Nervous System: Although, the occurrence of peripheral neuropathy is frequent, the development of severe symptomatology is unusual and requires a dose reduction of 20% for all subsequent courses of TAXOL.

TAXOL contains dehydrated alcohol USP, 396 mg/mL; consideration should be given to possible CNS and other effects of alcohol. (See

PRECAUTIONS

Hepatic: There is evidence that the toxicity of TAXOL is enhanced in patients with elevated liver enzymes. Caution should be exercised when administering TAXOL to patients with moderate to severe hepatic impairment and dose adjustments should be considered.

Injection Site Reaction: Injection site reactions, including reactions secondary to extravasation, were usually mild and consisted of erythema, tenderness, skin discoloration, or swelling at the injection site. These reactions have been observed more frequently with the 24-hour infusion than with the 3-hour infusion.
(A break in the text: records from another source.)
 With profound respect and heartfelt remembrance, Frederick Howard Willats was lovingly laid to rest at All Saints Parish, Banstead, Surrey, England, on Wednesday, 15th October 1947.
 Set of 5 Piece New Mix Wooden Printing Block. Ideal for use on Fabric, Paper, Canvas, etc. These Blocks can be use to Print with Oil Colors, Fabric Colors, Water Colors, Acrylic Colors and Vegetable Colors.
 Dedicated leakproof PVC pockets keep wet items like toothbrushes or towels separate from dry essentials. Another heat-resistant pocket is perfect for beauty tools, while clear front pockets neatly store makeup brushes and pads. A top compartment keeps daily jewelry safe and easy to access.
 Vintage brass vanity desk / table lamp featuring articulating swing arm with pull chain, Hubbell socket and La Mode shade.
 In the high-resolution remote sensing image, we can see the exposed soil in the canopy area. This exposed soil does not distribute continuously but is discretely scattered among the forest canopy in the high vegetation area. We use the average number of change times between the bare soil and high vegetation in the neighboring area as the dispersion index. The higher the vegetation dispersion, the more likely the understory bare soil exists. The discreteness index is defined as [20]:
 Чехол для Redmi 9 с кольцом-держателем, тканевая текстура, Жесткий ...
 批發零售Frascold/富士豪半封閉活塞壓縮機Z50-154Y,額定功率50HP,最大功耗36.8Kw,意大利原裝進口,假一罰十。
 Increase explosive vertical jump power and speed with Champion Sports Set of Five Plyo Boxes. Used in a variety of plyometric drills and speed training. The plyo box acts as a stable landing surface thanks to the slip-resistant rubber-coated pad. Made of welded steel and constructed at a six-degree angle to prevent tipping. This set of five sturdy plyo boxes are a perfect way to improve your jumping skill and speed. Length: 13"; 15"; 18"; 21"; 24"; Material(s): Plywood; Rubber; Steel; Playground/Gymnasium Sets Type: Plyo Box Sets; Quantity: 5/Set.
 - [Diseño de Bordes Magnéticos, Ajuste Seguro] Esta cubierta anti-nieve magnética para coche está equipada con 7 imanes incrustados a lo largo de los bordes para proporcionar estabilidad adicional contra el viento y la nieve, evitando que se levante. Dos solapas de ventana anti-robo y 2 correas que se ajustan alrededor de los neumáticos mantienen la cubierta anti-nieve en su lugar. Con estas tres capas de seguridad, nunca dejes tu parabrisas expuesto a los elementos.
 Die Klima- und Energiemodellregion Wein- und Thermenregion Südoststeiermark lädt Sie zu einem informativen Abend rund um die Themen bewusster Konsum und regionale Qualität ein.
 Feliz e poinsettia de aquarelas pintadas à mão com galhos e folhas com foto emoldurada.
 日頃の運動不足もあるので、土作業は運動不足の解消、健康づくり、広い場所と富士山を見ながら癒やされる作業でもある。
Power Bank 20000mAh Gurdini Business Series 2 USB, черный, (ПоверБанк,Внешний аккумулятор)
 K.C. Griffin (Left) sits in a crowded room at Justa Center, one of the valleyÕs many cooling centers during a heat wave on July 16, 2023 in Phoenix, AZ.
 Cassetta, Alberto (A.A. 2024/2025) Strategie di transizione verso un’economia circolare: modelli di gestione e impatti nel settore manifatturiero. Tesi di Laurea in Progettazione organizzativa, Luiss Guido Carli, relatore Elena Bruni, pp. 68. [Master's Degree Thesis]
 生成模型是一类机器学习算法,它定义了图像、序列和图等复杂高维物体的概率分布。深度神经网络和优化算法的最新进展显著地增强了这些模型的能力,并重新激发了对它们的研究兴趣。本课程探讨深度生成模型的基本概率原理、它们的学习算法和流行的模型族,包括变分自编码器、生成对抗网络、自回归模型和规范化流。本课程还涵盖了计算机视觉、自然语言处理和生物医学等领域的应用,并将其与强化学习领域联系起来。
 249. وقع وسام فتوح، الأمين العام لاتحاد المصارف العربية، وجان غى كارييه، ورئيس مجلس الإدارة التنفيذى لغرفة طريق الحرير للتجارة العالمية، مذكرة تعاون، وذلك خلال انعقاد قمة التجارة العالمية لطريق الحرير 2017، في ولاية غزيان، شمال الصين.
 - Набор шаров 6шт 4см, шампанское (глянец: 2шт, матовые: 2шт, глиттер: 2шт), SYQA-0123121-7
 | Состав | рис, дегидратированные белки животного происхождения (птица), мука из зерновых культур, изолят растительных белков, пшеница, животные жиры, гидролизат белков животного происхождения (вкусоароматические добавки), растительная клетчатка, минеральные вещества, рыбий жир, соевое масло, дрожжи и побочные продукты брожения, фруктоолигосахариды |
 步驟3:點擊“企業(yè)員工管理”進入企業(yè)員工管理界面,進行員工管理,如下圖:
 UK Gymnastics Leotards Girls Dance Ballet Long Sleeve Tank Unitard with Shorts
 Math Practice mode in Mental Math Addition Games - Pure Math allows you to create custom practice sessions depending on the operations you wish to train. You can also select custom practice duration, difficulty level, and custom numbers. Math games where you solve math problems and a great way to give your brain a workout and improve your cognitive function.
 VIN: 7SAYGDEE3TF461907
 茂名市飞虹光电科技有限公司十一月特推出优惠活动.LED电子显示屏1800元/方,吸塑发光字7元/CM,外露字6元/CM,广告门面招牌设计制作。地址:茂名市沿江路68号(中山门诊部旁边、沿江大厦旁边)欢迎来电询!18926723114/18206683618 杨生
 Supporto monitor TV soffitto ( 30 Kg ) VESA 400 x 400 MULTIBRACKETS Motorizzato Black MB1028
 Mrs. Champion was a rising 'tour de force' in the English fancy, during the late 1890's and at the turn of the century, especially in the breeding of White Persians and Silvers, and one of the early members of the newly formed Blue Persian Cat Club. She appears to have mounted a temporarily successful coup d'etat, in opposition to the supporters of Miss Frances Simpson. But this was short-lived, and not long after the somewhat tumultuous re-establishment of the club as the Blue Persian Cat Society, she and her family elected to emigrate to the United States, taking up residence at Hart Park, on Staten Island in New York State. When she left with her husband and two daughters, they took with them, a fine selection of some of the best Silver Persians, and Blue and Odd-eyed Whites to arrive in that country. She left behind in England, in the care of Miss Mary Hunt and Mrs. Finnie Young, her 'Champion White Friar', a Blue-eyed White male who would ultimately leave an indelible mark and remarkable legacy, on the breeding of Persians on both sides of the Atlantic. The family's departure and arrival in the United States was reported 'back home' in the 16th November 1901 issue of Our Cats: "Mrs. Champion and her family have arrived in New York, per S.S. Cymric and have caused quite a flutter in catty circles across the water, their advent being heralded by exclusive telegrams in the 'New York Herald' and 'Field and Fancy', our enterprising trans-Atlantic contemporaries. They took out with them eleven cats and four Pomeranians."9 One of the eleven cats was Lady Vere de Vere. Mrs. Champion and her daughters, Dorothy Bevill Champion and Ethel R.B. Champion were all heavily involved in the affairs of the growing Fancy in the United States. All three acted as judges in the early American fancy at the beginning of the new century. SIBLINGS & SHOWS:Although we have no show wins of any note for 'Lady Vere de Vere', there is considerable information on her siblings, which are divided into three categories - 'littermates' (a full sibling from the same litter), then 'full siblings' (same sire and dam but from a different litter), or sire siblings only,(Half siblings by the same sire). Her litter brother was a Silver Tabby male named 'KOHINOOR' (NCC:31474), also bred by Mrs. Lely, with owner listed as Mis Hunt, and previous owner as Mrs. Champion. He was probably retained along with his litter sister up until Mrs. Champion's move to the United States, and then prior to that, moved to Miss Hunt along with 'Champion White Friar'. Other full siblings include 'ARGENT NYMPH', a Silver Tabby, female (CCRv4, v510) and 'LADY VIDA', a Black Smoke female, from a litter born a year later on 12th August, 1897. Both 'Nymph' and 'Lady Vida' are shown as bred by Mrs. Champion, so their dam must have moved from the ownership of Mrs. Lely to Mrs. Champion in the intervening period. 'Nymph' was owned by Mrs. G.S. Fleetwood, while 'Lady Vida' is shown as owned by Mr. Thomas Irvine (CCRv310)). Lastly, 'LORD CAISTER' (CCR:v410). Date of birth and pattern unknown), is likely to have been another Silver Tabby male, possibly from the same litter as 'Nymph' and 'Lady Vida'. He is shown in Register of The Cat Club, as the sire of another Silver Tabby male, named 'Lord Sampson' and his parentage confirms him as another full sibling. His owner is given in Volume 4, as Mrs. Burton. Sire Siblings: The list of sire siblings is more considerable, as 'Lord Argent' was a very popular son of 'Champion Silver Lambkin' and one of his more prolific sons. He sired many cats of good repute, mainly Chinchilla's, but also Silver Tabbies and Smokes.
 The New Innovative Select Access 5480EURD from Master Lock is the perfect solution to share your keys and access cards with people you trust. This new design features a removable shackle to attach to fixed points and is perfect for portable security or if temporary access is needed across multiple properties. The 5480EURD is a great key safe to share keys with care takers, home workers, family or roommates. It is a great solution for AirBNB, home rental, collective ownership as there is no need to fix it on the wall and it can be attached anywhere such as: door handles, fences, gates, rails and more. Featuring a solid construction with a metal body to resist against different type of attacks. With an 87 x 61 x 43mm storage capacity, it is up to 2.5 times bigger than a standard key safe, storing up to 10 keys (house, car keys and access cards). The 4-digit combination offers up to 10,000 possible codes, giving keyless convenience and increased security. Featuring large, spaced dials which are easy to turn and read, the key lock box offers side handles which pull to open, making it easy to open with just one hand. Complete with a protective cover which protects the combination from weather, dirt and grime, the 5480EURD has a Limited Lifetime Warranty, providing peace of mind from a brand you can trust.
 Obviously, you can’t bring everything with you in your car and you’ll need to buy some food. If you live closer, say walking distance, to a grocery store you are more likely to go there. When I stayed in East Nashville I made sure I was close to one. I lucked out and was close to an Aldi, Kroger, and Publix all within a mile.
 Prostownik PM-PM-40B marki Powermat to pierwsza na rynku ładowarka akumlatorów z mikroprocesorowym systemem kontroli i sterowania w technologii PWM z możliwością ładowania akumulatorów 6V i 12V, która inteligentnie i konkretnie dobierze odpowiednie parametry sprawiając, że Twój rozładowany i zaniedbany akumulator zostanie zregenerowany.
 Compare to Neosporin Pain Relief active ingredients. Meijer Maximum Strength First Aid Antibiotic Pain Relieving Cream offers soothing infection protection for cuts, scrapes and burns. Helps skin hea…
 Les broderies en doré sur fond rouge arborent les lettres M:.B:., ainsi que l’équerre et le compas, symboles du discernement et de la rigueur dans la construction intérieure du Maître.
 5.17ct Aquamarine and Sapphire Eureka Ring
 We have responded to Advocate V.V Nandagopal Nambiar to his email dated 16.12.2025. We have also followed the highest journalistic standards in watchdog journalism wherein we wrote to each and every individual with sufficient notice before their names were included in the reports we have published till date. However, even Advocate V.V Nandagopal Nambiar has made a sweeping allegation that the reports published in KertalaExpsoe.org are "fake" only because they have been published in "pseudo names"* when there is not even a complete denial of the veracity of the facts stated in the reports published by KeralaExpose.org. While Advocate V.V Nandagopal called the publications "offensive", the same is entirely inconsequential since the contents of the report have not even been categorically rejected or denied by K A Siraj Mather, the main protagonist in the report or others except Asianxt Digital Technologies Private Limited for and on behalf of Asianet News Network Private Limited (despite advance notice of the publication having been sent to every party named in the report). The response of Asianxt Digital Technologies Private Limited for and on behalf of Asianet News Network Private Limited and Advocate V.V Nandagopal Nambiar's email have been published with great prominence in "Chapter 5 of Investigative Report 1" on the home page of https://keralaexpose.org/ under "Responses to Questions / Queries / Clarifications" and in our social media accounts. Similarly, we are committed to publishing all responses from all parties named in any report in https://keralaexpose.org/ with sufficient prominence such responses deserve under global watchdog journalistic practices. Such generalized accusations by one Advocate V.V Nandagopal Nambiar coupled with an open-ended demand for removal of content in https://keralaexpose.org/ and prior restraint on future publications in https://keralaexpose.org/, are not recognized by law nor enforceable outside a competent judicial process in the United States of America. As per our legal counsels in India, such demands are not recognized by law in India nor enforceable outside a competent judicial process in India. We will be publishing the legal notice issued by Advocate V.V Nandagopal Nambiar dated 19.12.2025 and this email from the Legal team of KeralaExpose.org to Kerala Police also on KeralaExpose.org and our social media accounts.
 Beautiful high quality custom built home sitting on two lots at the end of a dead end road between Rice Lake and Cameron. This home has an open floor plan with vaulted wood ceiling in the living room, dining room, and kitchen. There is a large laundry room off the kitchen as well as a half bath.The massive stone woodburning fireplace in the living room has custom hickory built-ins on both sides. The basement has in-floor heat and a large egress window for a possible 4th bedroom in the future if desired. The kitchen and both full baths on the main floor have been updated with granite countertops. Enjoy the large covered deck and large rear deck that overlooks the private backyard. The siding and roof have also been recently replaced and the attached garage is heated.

Recurrence of skin reactions at a site of previous extravasation following administration of TAXOL at a different site, i.e., "recall", has been reported rarely.

Rare reports of more severe events such as phlebitis, cellulitis, induration, skin exfoliation, necrosis and fibrosis have been received as proof of the continuing surveillance of TAXOL safety. In some cases the onset of the injection site reaction either occurred during a prolonged infusion or was delayed by a week to ten days.

A specific treatment for extravasation reactions is unknown at this time. Given the possibility of extravasation, it is advisable to closely monitor the infusion site for possible infiltration during drug administration.

Carcinogenesis, Mutagenesis, Impairment of Fertility

The carcinogenIc potential of TAXOL has not been studied.

Paclitaxel has been shown to be clastogenic in vitro ( chromosome aberrations in human lymphocytes) and in vivo ( micronucleus test in mice). Paclitaxel was not mutagenic in the Ames test or the CHO/ HGPRT gene mutation assay.

Administration of paclitaxel prior to and during mating produced impairment of fertility in male and female rats at doses equal to or greater than 1 mg/kg/day (about 0.04 the daily maximum recommended human dose on a mg/m² basis). At this dose, paclitaxel caused reduced fertility and reproductive indices, and increased embryo-and fetotoxicty. (See

WARNINGS

Pregnancy

Pregnancy "Category D". (See

WARNINGS

Nursing Mothers

It is not known whether the drug is excreted in human milk. Following intravenous administration of carbon-14 labeled TAXOL to rats on days 9 to 10 postpartum, milk concentrations of radioactivity exceeded and declined in parallel with the plasma concentrations. Because many drugs are excreted in human milk and because of the potential for serious adverse reactions in nursing infants, it is recommended that nursing be discontinued when receiving TAXOL therapy.

Pediatric Use

The safety and effectiveness of TAXOL in pediatric patients have not been established.

There have been reports of central nervous system (CNS) toxicity in an ongoing investigational clinical trial in pediatric patients in which TAXOL was infused intravenously over 3 hours at doses ranging from 350 mg/m² to 420 mg/m² . The toxicity is most likely attributable to the high dose of the ethanol component of the TAXOL vehicle given over a short infusion time. The use of concomitant antihistamines may intensify this effect. Although a direct effect of the paclitaxel itself cannot be discounted, the high doses used in this study (over twice the recommended adult dosage) must be considered in assessing the safety of TAXOL for use in this population.